The Wayback Machine: The Bionic Woman TV Series
With news that Dynamite Entertainment is returning the Bionic Woman to the comic book world as an ongoing in March – written by Paul Tobin with art by Leno Carvalho – we thought we would look back on the femme fatale cyborg it took two TV networks to kill!
Of course, The Bionic Woman was a television series starring Lindsay Wagner that aired for three seasons between 1976 and 1978 as a spin-off from The Six Million Dollar Man. Wagner was tennis pro Jaime Sommers, who was nearly killed in a skydiving accident. Sommers’ life is saved by Oscar Goldman (Richard Anderson) and Dr. Rudy Wells (Martin E. Brooks) by “bionic” surgical implants similar to those of The Six Million Dollar Man Steve Austin (no, not him; the whoop-arse WWE Hall of Famer came two decades later).
As the result of Jaime's bionics, she has amplified hearing in her right ear, a greatly strengthened right arm, and stronger and enhanced legs which enabled her to run at up to 60 miles per hour.

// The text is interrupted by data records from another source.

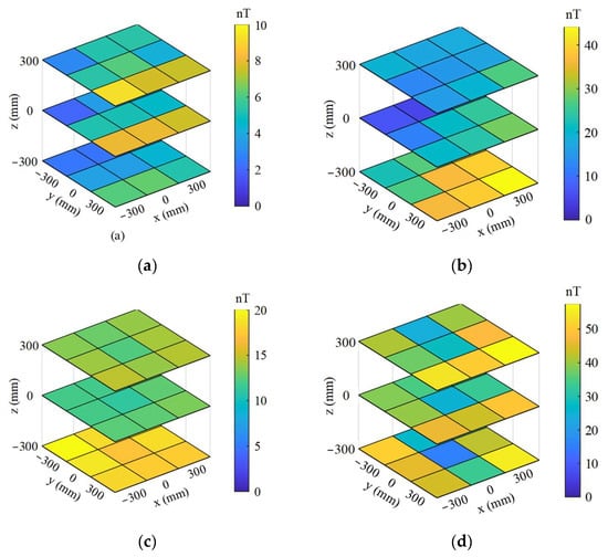 Distribution of residual field inside the booth-type MSR after demagnetization with logarithmic attenuation envelope function and different other parameters: (a) f = 10 Hz, N = 100, I0 = 10 A; (b) f = 10 Hz, N = 100, I0 = 2 A; (c) f = 50 Hz, N = 100, I0 = 10 A; (d) f = 10 Hz, N = 10, I0 = 10 A.
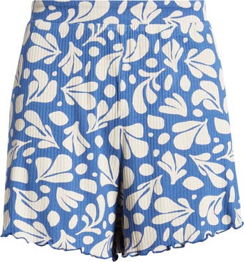 Soft ribbed-knit shorts covered in a tropical-inspired print are perfect for the beach or just lounging around at home.
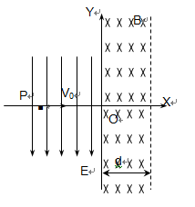 3、计算题 如图所示,直角坐标系xoy位于竖直平面内,在-m≤x≤0的区域内有磁感应强度大小B=4.0×10-4T、方向垂直于纸面向里的条形匀强磁场,其左边界与x轴交于P点;在x>0的区域内有电场强度大小E=4N/C、方向沿y轴正方向的条形匀强电场,其宽度d=2m。一质量m=6.4×10-27kg、电荷量q=-3.2×10-19C的带电粒子从P点以速度v=4×104m/s,沿与x轴正方向成α=60°角射入磁场,经电场偏转最终通过x轴上的Q点(图中未标出),不计粒子重力。求:
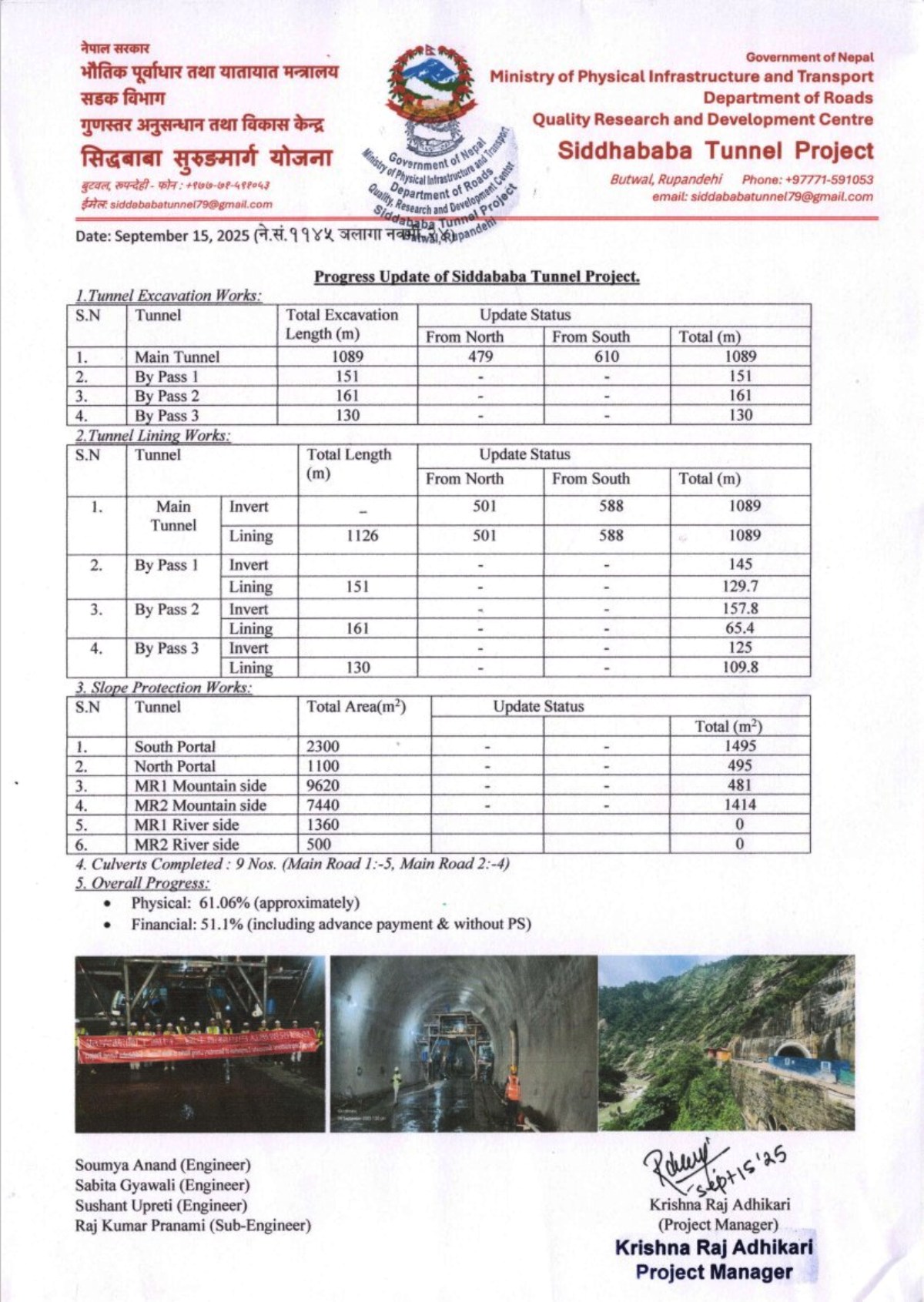काठमाडौं । सिद्धबाबा सुरुङमार्गको काम साढे ६१ प्रतिशत सकिएको छ । आयोजना कार्यालयले दिएको जानकारीअनुसार भौतिक प्रगती ६१ दशमलव ६ प्रतिशत र वित्तीय प्रगती ५१.१ प्रतिशत रहेको छ ।

The series premiered on ABC in January 1976 as a mid-season replacement. With 13 episodes airing from January 1976 to May 1976, it became the fifth most-watched television show of the 1975-1976 season, ranking behind Maude, Laverne & Shirley, Rich Man, Poor Man, and All In The Family, and slightly ahead of The Six Million Dollar Man. (How ya like them apples, ”˜70s chauvinists?)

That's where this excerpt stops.